Patients who took donanemab slowed the decline in cognitive function by about 4.5 to 7.5 months compared with patients who took a placebo. Nearly half of the patients who took donanemab maintained their level of cognitive function one year after starting the study, compared with 29 percent of patients who took a placebo.
However, the research committee noted that nearly all of the study participants were white.
“I would like to see more data on underrepresented groups,” said Colette C. Johnson, a patient representative on the committee.
Three patients who took donanemab died from side effects of the drug that caused brain swelling and bleeding. The FDA asked for a more detailed analysis of the trial participants' deaths to see if there were any other serious safety issues. Lilly responded by reporting that there was no evidence that the drug was responsible for any additional deaths.
Committee members said Lilly's decision to stop treating patients as soon as brain scans showed that donanemab had cleared amyloid was very attractive: Patients could avoid monthly infusions and some of the risks of treatment, and it might even be cheaper.
In a statement, Lilly suggested that continuing to give the drug after the amyloid has cleared would not help patients and may even be harmful: “Once the target has been cleared from the brain, continuing to give donanemab is likely not beneficial and would only increase the burden and potential risks of treatment,” the company wrote.
The committee agreed with stopping the treatment but had doubts.
Sarah Dolan, a member of the committee that represents consumers, said the possibility of stopping treatment “may be an incentive for patients to continue taking their medication,” but added that “there's always that worry in the back of their mind: Is it going to come back? Is it going to get worse?”
Dr. Constantino Iadecola of Weill Cornell Medical College noted that it's unclear how to monitor patients after they stop taking the drug. “Monitoring will be necessary,” he said, adding, “If there are signs of an increase in amyloid, how soon do we have to intervene?”
Lilly scientists estimate that it could take nearly four years for amyloid levels to cross that threshold again.
Another unusual feature is that the company decided to scan patients' brains for tau, a tangled, spaghetti-like protein that appears in the brain after amyloid builds up. The more tau there is, the more severe the cognitive decline.
Study participants with intermediate tau levels (indicating an early stage of the disease) experienced a slower deterioration with donanemab than those with higher tau levels, supporting the widely held theory that treating patients as early as possible increases the chances of slowing the progression of the disease.
This raised the question of whether patients should undergo tau brain scans before taking the drug.

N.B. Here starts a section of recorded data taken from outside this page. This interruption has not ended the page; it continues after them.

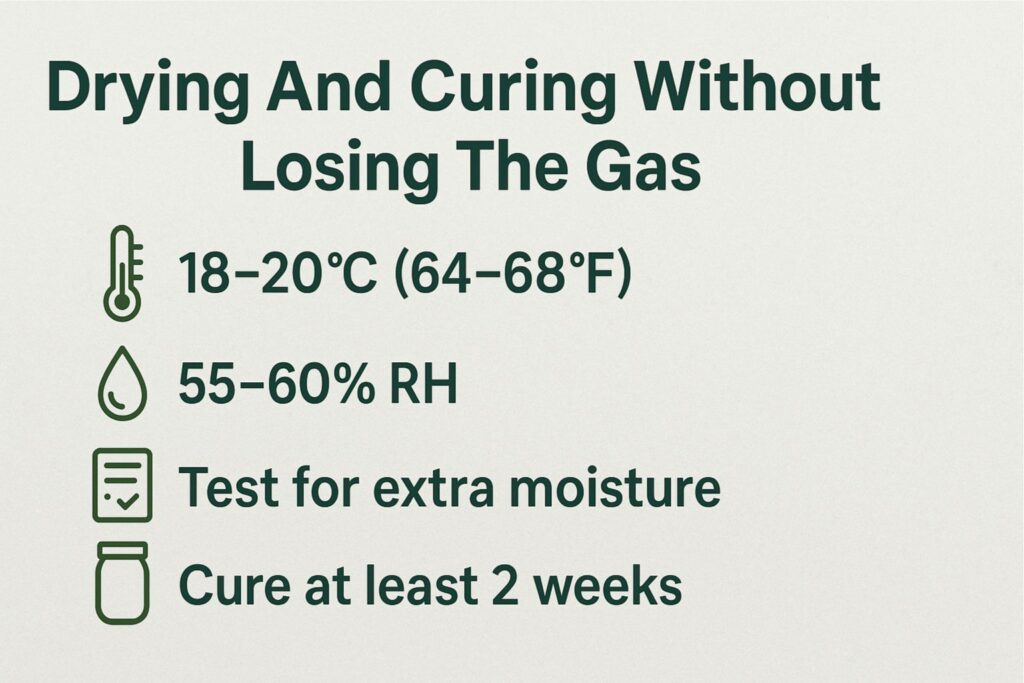 - Trim, then jar with small hygrometers at 58–62 percent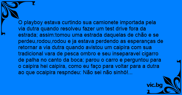 O рlаyвоy estava curtindo sua camionete importada pela via dutra quando resolveu fazer um test drive fora da estrada; assim:tomou uma estrada daquelas de chão e se perdeu,rodou,rodou e ja estava perdendo as esperanças de retornar a via dutra quando avistou um caipira com sua tradicional vara de pesca ombro e seu inseparavel cigarro de palha no canto da boca; parou o carro e perguntou para o caipira hei caipira, como eu faço para voltar para a dutra ao que ocaipira respndeu: Não sei não sinhô! O garotão arrancou com o carro rodou,rodou,rodou, mas como estava perdido acabou passando perto do caipira novamente, parou o carro e disse pro caipira: pelo amor de deus moço me indique o caminho para a via dutra pois nao acredito que o senhor nao saiba; novamente o caipira respondeu: eu ja num falei proce qui num sei. dai o garotao para tirar sarro do caipira disse: voce e вurrо mesmo hein nasceu aqui vive aqui e nao conhece a via dutra a rodovia mais fomosa do brasil! ao que o caipira redarguiu e o sinho tem razao eu so вurrо memo, mais num to pirdidu naum quem ta pirdidu e o sinho qui e muinto sabidao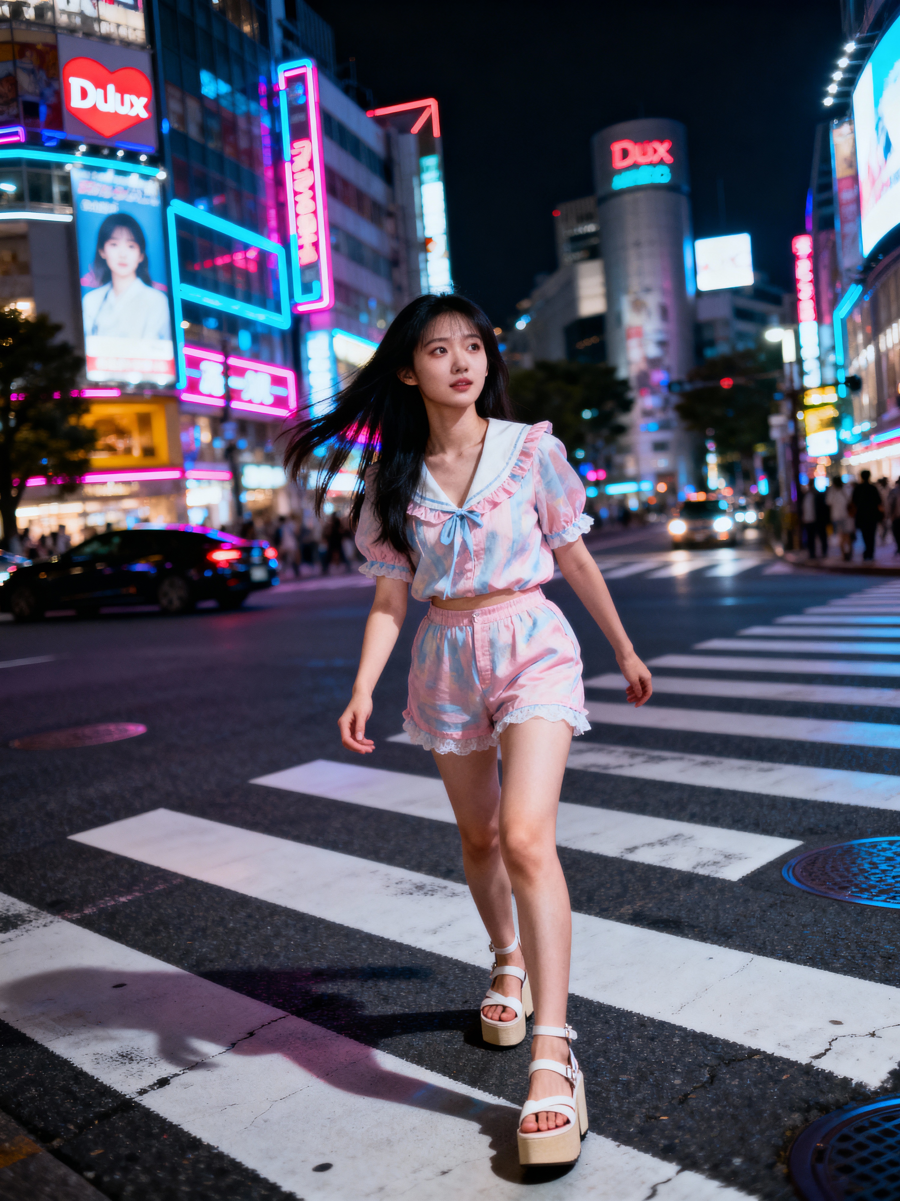 model exploring Shibuya Crossing, wearing a cute pastel outfit with platform sandals , surrounded by neon lights

Lilly said in its report that it is not recommending that tau scanning be mandatory. “Measurement of tau concentrations is not standardized and therefore cannot be easily implemented in routine clinical practice,” the company said. The FDA said that based on the evidence to date, there appears to be no reason to test patients for tau before administering donanemab.
Committee members had a similar reaction.
“From a practical standpoint, I don't think it's wise to have this as a barrier,” said Dr. Kathleen L. Poston, a professor of neurology at Stanford University.
Ultimately, these drugs may only be stepping stones in the search for effective treatments, but as the committee heard, for patients and their families, the possibility of slowing the progression of Alzheimer's, even if only by a few months, is appealing.
“There's a huge unmet need,” said Dolan, the committee's consumer representative.